* [DATA EXCERPT]
■ ■ ■ ■
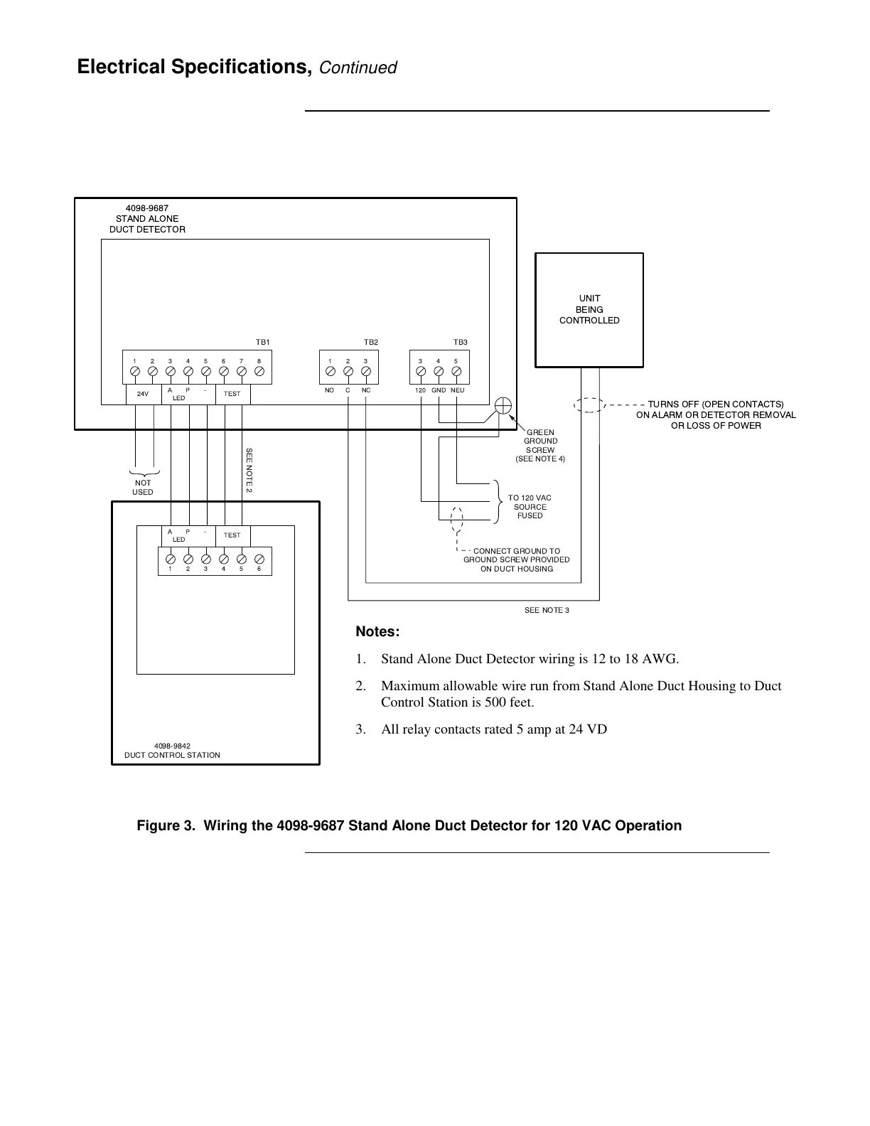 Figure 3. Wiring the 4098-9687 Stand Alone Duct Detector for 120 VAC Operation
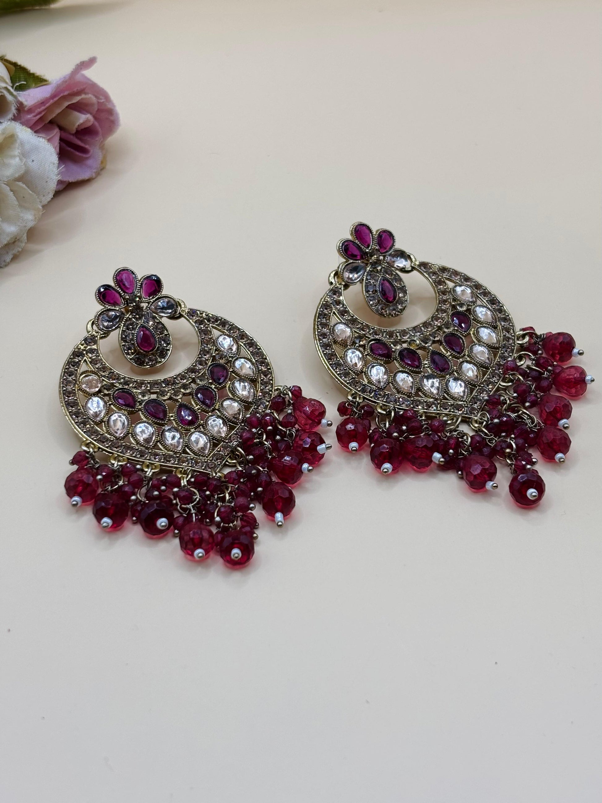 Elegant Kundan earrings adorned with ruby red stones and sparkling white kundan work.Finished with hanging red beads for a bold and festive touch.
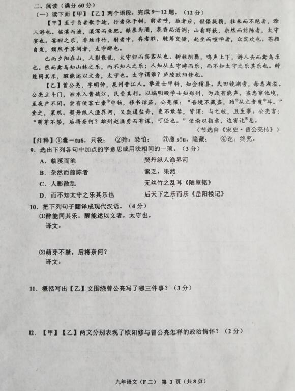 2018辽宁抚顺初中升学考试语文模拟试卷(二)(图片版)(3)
■ ■ ■ ■
* [INSTRUCTIONS TO FOLLOW] All of the data above should be quoted exactly, except for the pictures.

* [SOLVED EXERCISE]
 Figure 3. Wiring the 4098-9687 Stand Alone Duct Detector for 120 VAC Operation
 Elegant Kundan earrings adorned with ruby red stones and sparkling white kundan work.Finished with hanging red beads for a bold and festive touch.
 2018辽宁抚顺初中升学考试语文模拟试卷(二)(图片版)(3)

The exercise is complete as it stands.